- _Available data_
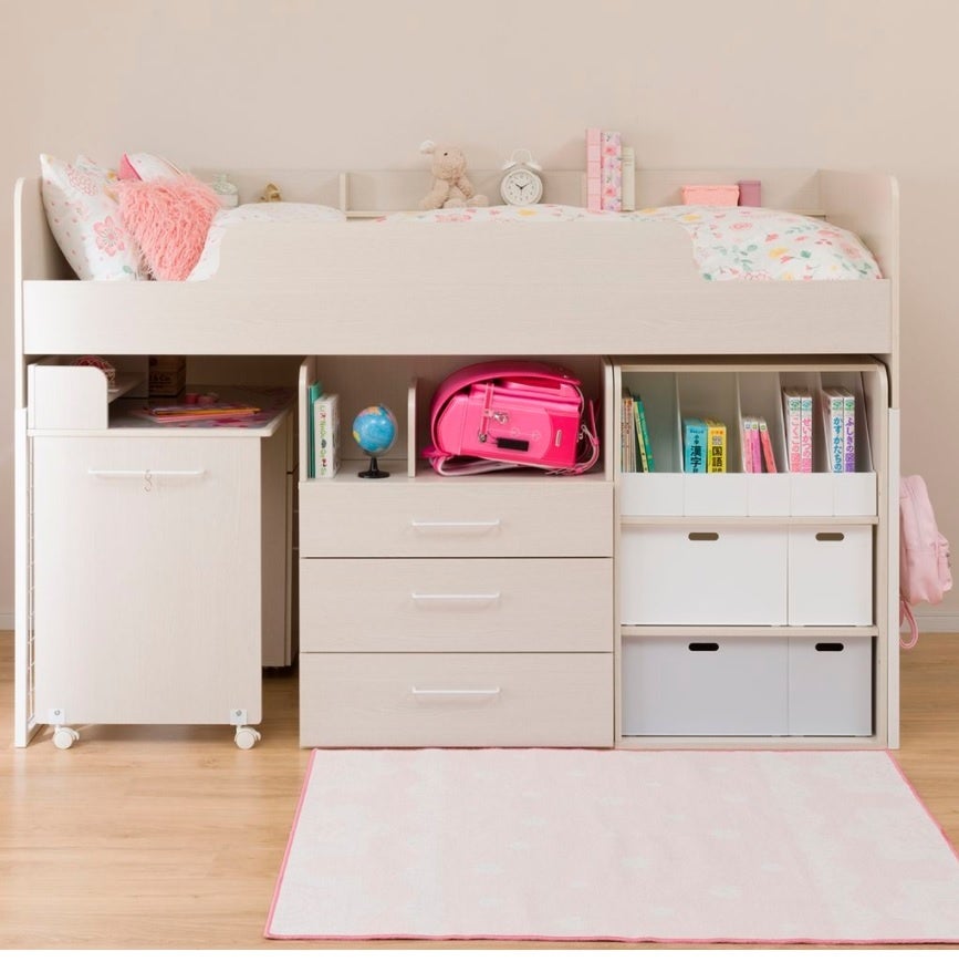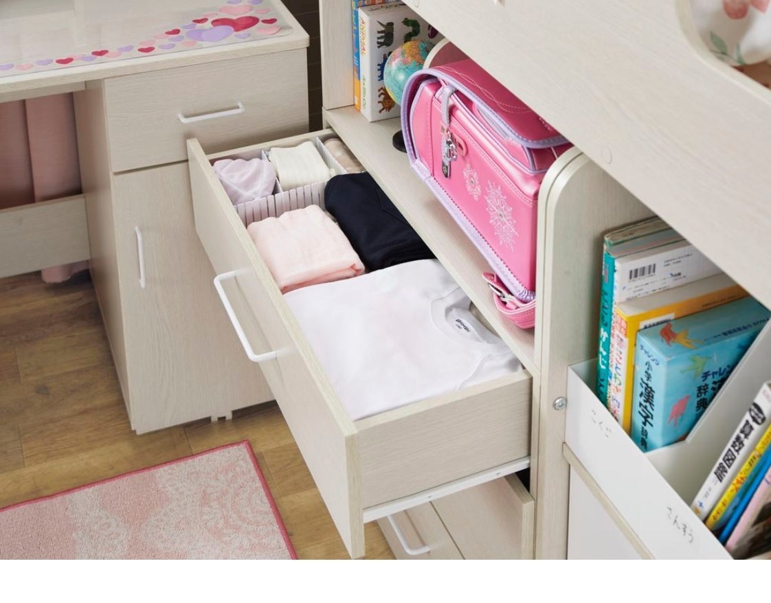 デスクのキャビネット・チェスト・シェルフがあり、整理整頓を一人でできる習慣を身につける手助けに。チェスト上部にはランドセルがぴったり置けて翌日の準備も楽々。また、ベッド下にも有効活用できるスペースが隠れていて季節品の物置きや秘密基地として使える。同シリーズのチェストラックとハンガーラック(別売り)を追加することで、高学年になるにつれて増える物にも対応可能。
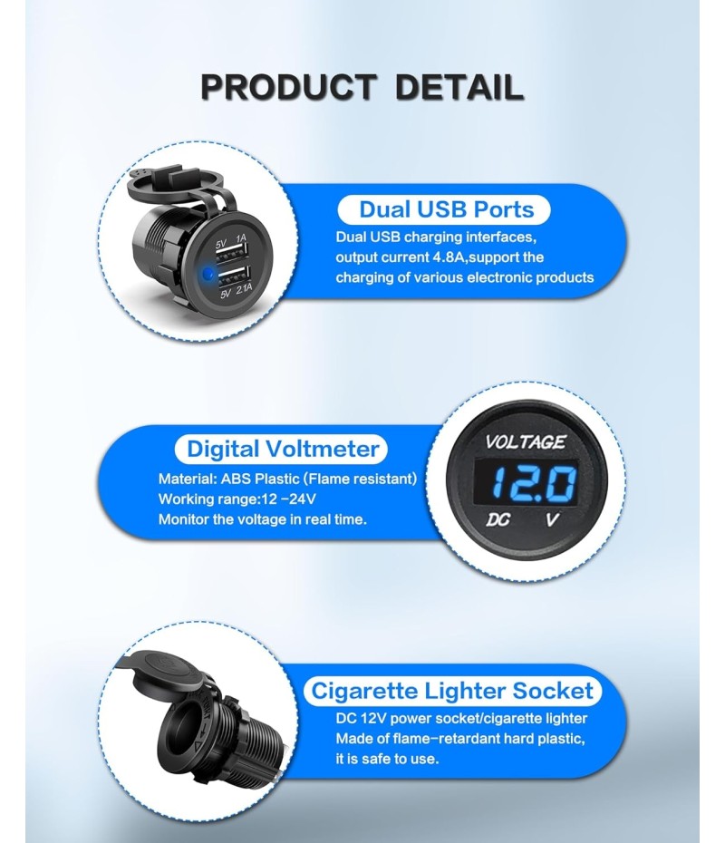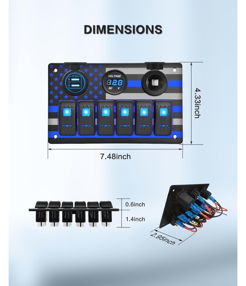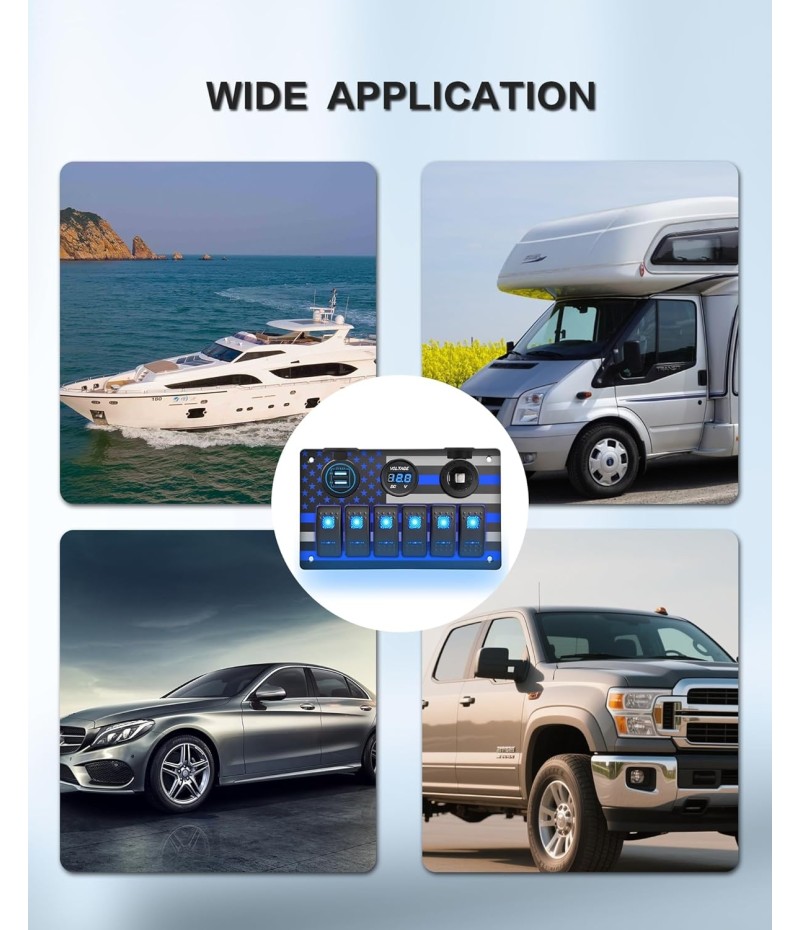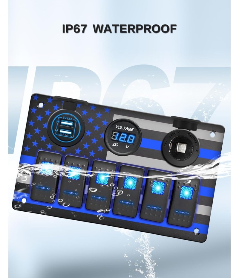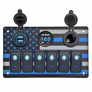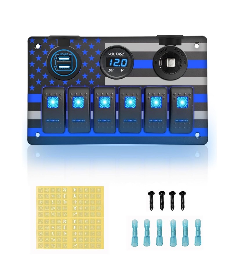 - 【All-in-One Boat Switch Panel】Dual Fast USB Chargers (5V/4.8A) + Digital Voltmeter + 12V Power Outlet + 6-Gang Waterproof Rocker Switch Panel. Perfect for marine circuit control, charging devices, and voltage monitoring on boats, yachts, or trucks.
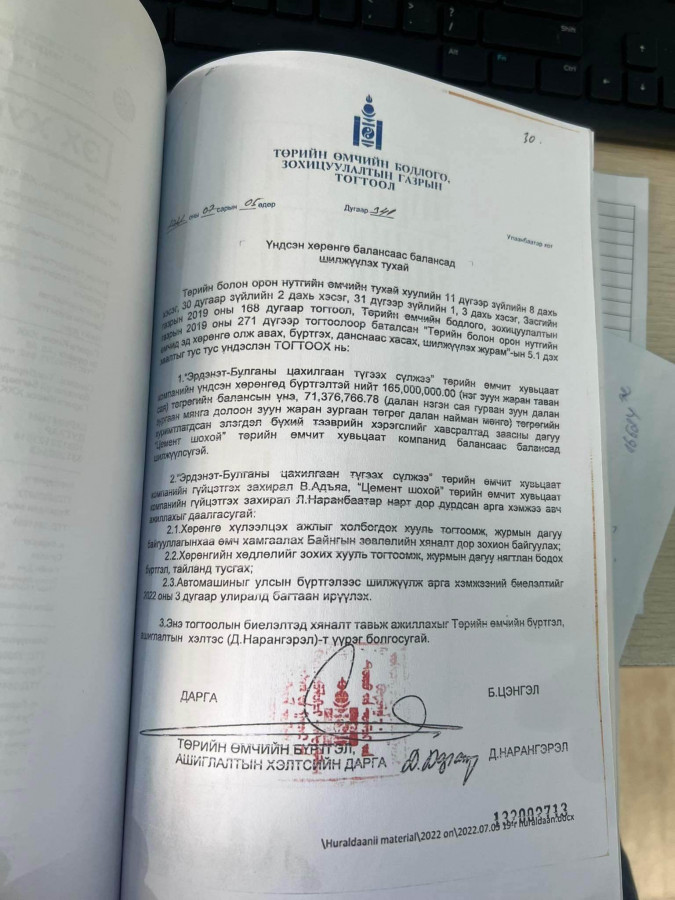Тиймээс Цемент шохой ТӨХК-ийн гүйцэтгэх захирал Л.Наранбаатар уг машиныг биет байдлаар буцаан эргүүлэн өгөх, өнгөрсөн хугацаанд уг автомашинтай холбоотой гарсан бүх зардал болох 12 сая төгрөгийг энэ сарын 15-ны дотор Ц.Баяр-Эрдэнээр компанид буцаан төлүүлж, Төрийн хэмнэлтийн тухай хуулийг хэрэгжүүлэхийг шаардсан байна.
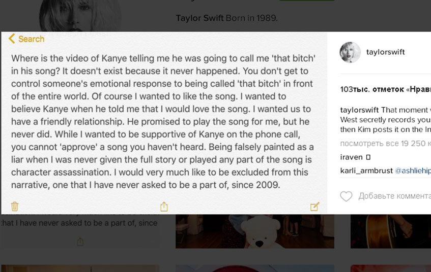 Когда запись телефонного разговора стараниями Ким попала в сеть, Тейлор заявила, что она недовольна таким положением дел. «Тот момент, когда Канье тайно записывает разговор с тобой, а Ким выкладывает его в сеть», - написала она в Instagram и подробно объяснила ситуацию.
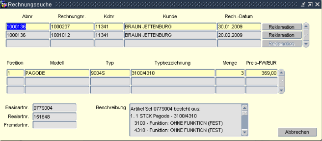 Ist der Auftrag mit mehreren Rechnungen fakturiert worden, so erscheint automatisch ein weiteres Fenster, in dem die entsprechende Rechnung ausgewählt werden muss. Mit dem Button „Reklamation“ wird die Erfassung des Reklamationsvorganges mit der ausgewählten Rechnungsnummer aufgerufen.
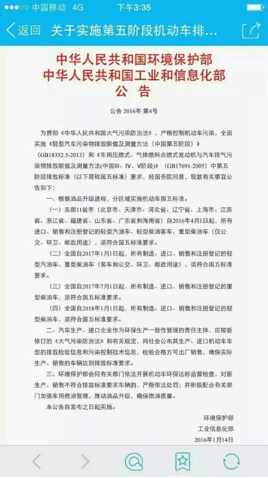 。ㄋ模┤珖2018年1月1日起,所有制造、進(jìn)口、銷售和注冊登記的輕型柴油車,須符合國五標(biāo)準(zhǔn)要求。

- _What the task asks_
Take only the line containing "- 【All-in-One Boat" and every line after it to the end of the entries, and copy them exactly, pictures excluded.

- _Reply_
 - 【All-in-One Boat Switch Panel】Dual Fast USB Chargers (5V/4.8A) + Digital Voltmeter + 12V Power Outlet + 6-Gang Waterproof Rocker Switch Panel. Perfect for marine circuit control, charging devices, and voltage monitoring on boats, yachts, or trucks.
Тиймээс Цемент шохой ТӨХК-ийн гүйцэтгэх захирал Л.Наранбаатар уг машиныг биет байдлаар буцаан эргүүлэн өгөх, өнгөрсөн хугацаанд уг автомашинтай холбоотой гарсан бүх зардал болох 12 сая төгрөгийг энэ сарын 15-ны дотор Ц.Баяр-Эрдэнээр компанид буцаан төлүүлж, Төрийн хэмнэлтийн тухай хуулийг хэрэгжүүлэхийг шаардсан байна.
 Когда запись телефонного разговора стараниями Ким попала в сеть, Тейлор заявила, что она недовольна таким положением дел. «Тот момент, когда Канье тайно записывает разговор с тобой, а Ким выкладывает его в сеть», - написала она в Instagram и подробно объяснила ситуацию.
 Ist der Auftrag mit mehreren Rechnungen fakturiert worden, so erscheint automatisch ein weiteres Fenster, in dem die entsprechende Rechnung ausgewählt werden muss. Mit dem Button „Reklamation“ wird die Erfassung des Reklamationsvorganges mit der ausgewählten Rechnungsnummer aufgerufen.
 。ㄋ模┤珖2018年1月1日起,所有制造、進(jìn)口、銷售和注冊登記的輕型柴油車,須符合國五標(biāo)準(zhǔn)要求。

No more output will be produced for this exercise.